Every now and then we have to remind someone that it's not illegal for people to report facts that they dislike. This time, the offender is electric scooter rental company Bird Rides, Inc.
Electric scooters have swamped a number of cities across the US, many of the scooters carelessly discarded in public spaces. Bird, though, has pioneered a new way to pollute the commons by sending a meritless takedown letter to a journalist covering the issue. The company cites the Digital Millennium Copyright Act and implies that even writing about the issue could be illegal. It's not.
Bird sent a "Notice of Claimed Infringement" over this article on Boing Boing, one of the Internet’s leading sources of news and commentary on social, educational, political, artistic and scientific development in popular culture. The article reports on the fact that large numbers of Bird scooters are winding up in impound lots, and that it's possible to lawfully purchase these scooters when cities auction them off, and then to lawfully modify those scooters so they work without the Bird app.
The letter is necessarily vague about exactly how the post infringed any of Bird's rights, and with good reason: the post does no such thing, as we explain in a letter on behalf of Happy Mutants LLC, which owns and operates Boing Boing. The post reports on lawful activity, nothing more. In fact, the First Amendment would have protected it even if reported on illegal conduct or advocated for people to break the law. (For instance, a person might lawfully advocate that an electric scooter startup should violate local parking ordinances. Hypothetically.)
So, in a sense, it doesn't matter whether Bird is right or wrong when it claims that it's illegal to convert a Bird scooter to a personal scooter. Either way, Boing Boing was free to report on it.
But here's the fun part (we may have a strange idea of fun): Bird cites Section 1201 of the Digital Millennium Copyright Act. That's the section that prohibits you from getting around technologies that lock you out of accessing copyrighted works, like software, even when you own the device that software is on. It also prohibits various forms of 'trafficking' in products for circumventing those kinds of technological restrictions.
Bird probably did not know that the journalist who wrote the post, Cory Doctorow, has been reporting on and challenging this overly broad law and its harmful consequences, both at Boing Boing and as a Special Adviser on EFF’s Apollo 1201 project, for years. They likely also didn’t know EFF has launched litigation to invalidate the law in its entirety and, in the meantime, has successfully pushed for numerous exemptions to the law -- including one that specifically permits repair and modification of motorized land vehicles (for instance, say, an electric scooter).
As fun as it might have been (again... fun for us) to have a legal fight about the nuances of Section 1201, it's pretty clear here that there's no claim to be made. The fundamental reason Bird doesn't have a claim is that Section 1201's ban on trafficking concerns products that circumvent either access controls or use controls on a copyrighted work.
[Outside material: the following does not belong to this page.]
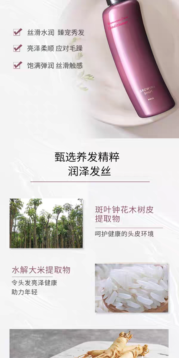 含有POLA的原创成分-风铃木树皮精华和黑米精华,可滋养头发富含3种渗透型胶原蛋白、5种神经酰胺、14种氨基酸、皱波角叉菜精华、白茅精华和五加科植物人参根精华等,强化受损发质

To simplify a bit, it concerns a device that cracks a technological measure in order to access or make an infringing use of a copyrighted work.
To turn a Bird scooter into a regular personal scooter, you just open it up and replace the motherboard that contains Bird code with a different motherboard (you could even use the official stock motherboard for this model of scooter, the Xiaomi Mijia m365). You literally throw away the copy of the Bird code residing on the unwanted motherboard, rather than accessing or copying or modifying it. We have long had serious concerns that Section 1201 can be abused to block repair and tinkering. But while the law is overbroad, it is not so broad that it prohibits you from simply replacing a motherboard.
In sum, Bird sent a "Notice of Claimed Infringement" to a news site for reporting about people doing legal things that Bird does not like. If Bird plans to send letters like this to every outlet that does the same, its legal team faces a monumental task—almost as vast as collecting the scooters littering parks and sidewalks.